Taking a long term perspective, it can only go uphill from here. If you do
take a job, try to get one that's either brain-work and pays well (build up
reserves) OR physical and not brain-work (work on your startup ideas at
night). My company was started while I was working a minimum wage job as a
movie theatre usher.

Try to stay physically active, that will help with depression.
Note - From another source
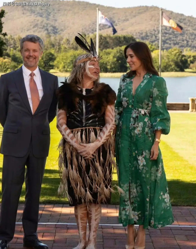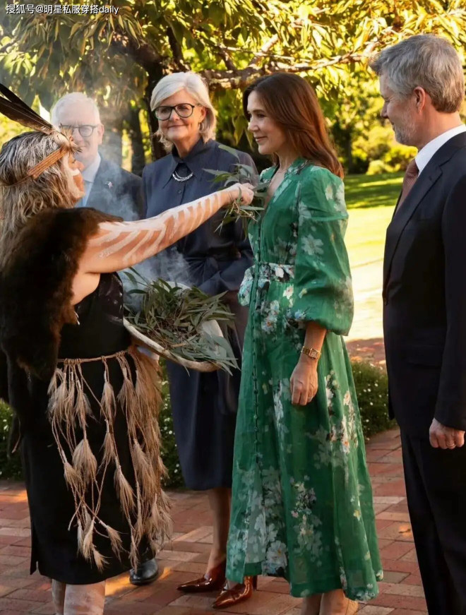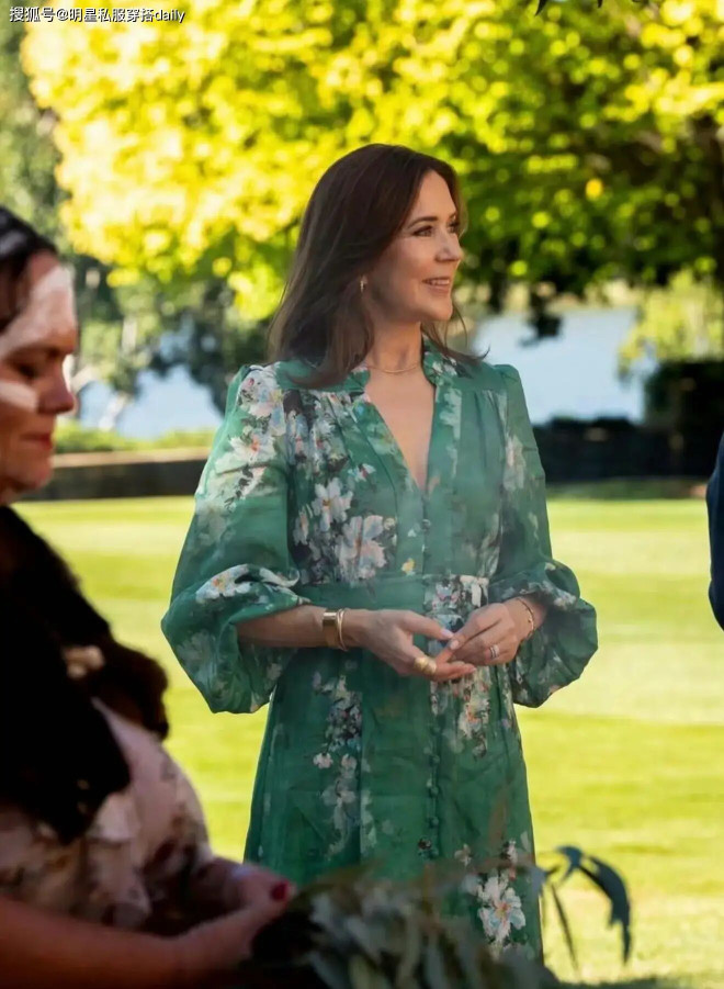 玛丽王后也很喜欢穿印花裙,绿色印花裙是今年欧洲王室很喜欢的色彩,不管是莱蒂齐亚还是她,都上身了绿色长裙,带有春日气息,但不显得过于夸张。
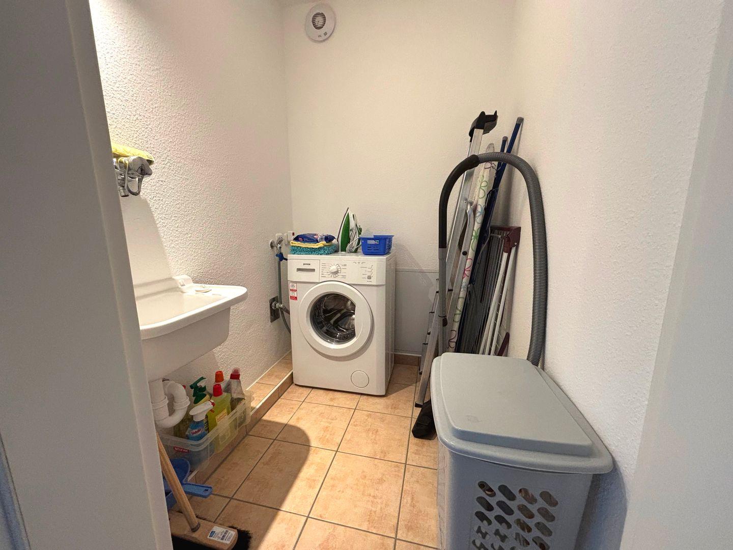Das Badezimmer ist mit einer Badewanne ausgestattet, die zur Entspannung nach einem erlebnisreichen Tag einlädt. Für einfaches Waschen und Trocknen Ihrer Wäsche steht eine Waschmaschine zur Verfügung, und auch ein Bügeleisen sowie ein Bügelbrett sind vorhanden, damit Sie immer einen frischen Look haben.

Remember, others want you to succeed!

------
coffeeaddicted
Man, I wish I could get down to $400 per month. But you don't even get a room
in the town here for that. Even cheap apartments are at $600 and as I'm living
in germany it's also rather hard to get around some insurances - so make that
another $600. Some other costs like water, electricity and internet will make
another 150$ and then add the normal living costs (about 450$). Ok, part of
the reason is the currently low rate for $, but I don't think it would even be
possible for me to get down to 400 € in any way.

------
ken
Yep. I've worked at big companies, and they never had "downs", and our
products always launched (on time, even!), and nobody ever got fired.

------
webwright
"So funding is planned through winning the the Merrill Lynch competition and
if we don’t win it (which I feel we have decent chances) I will be totally
lost."

Was this part a joke? I find it hard to believe that a back-of-a-napkin biz
plan would have "win a contest" as the only bullet point under "financing".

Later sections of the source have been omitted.